Tim <ignored_mailbox@xxxxxxxxxxxx> wrote:
On Sun, 2007-06-17 at 08:13 -0600, David G. Miller wrote:
> Ah yes, the info/man conundrum. Man has the nice interface but the
> man page doesn't have the information. The info-text file has the
> information but info has the world's worst interface. Have mercy and
> recommend using pinfo instead of info.
To be honest, I couldn't really see pinfo offering me anything better
(both seemed awful), other than colour highlighting of the interactive
bits (which, otherwise, you have to find by a bit of guesswork).

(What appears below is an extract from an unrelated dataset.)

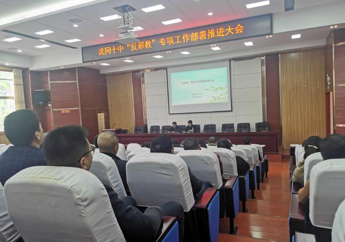 为扎实做好学校“反邪教”宣传教育和防范工作,不断筑牢校园安全工作防线,努力推进平安健康校园建设,4月26日下午,武冈十中在博闻楼学术报告厅隆重召开“反邪教”专项工作部署推进大会,学校领导、年级部负责人、政教处工作人员和全体班主任参加,政教副校长周科华主持会议。
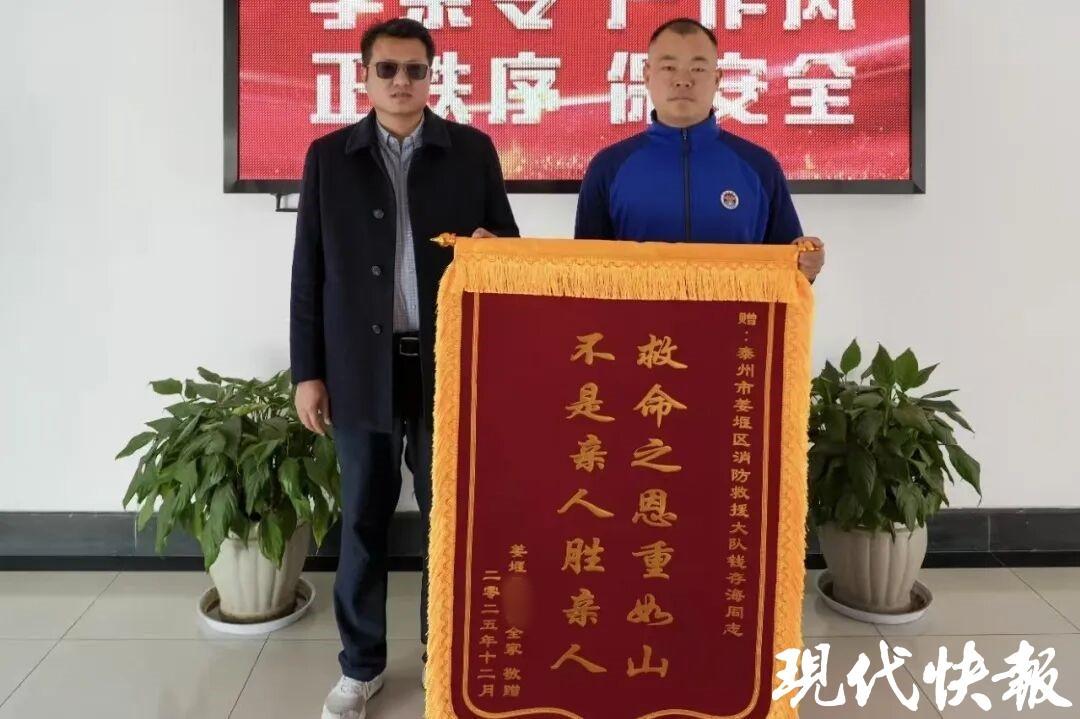近日,泰州市姜堰区消防救援大队收到了一面承载满满感激的锦旗,对大队消防员钱存海路遇车祸出手相助的行为,表达了敬意和感谢。

You still have a painful hop, skip, and a jump, method of traversing a
document. And they don't seem to understand the concept of going
backwards means going to back to the prior screen, not the top of the
page of the prior bit you were reading. Grrr, read page, jump to
another page, go back, scroll back down the first page to where you were
up to, carry on reading and following links.
"yelp info:grub" was far less painful to navigate, though it's a GUI
tool (rather like using a web page with frames - navigational links in a
border, the content in the adjacent page).
For me, info's navigation is kind of like using vi back in the day when
you used h, j, k, and l to move the cursor around which meant you
couldn't move the cursor in insert mode and pretty much everything else
was just as counterintuitive. At least the emacs key bindings have some
mnemonic value. pinfo is more like vim. The arrow keys, page up, page
down, etc. work so the navigation is, by comparison, fairly intuitive.
pinfo may not do exactly what you want but at least the navigation makes
sense.
I try to keep alternate application recommendations within an
application class so curses based pinfo still runs in a dumb terminal
just like man and info. Once you jump to a GUI presentation, you may as
well just Google for "grub howto" or whatever you need.
Cheers,
Dave
--
Politics, n. Strife of interests masquerading as a contest of principles.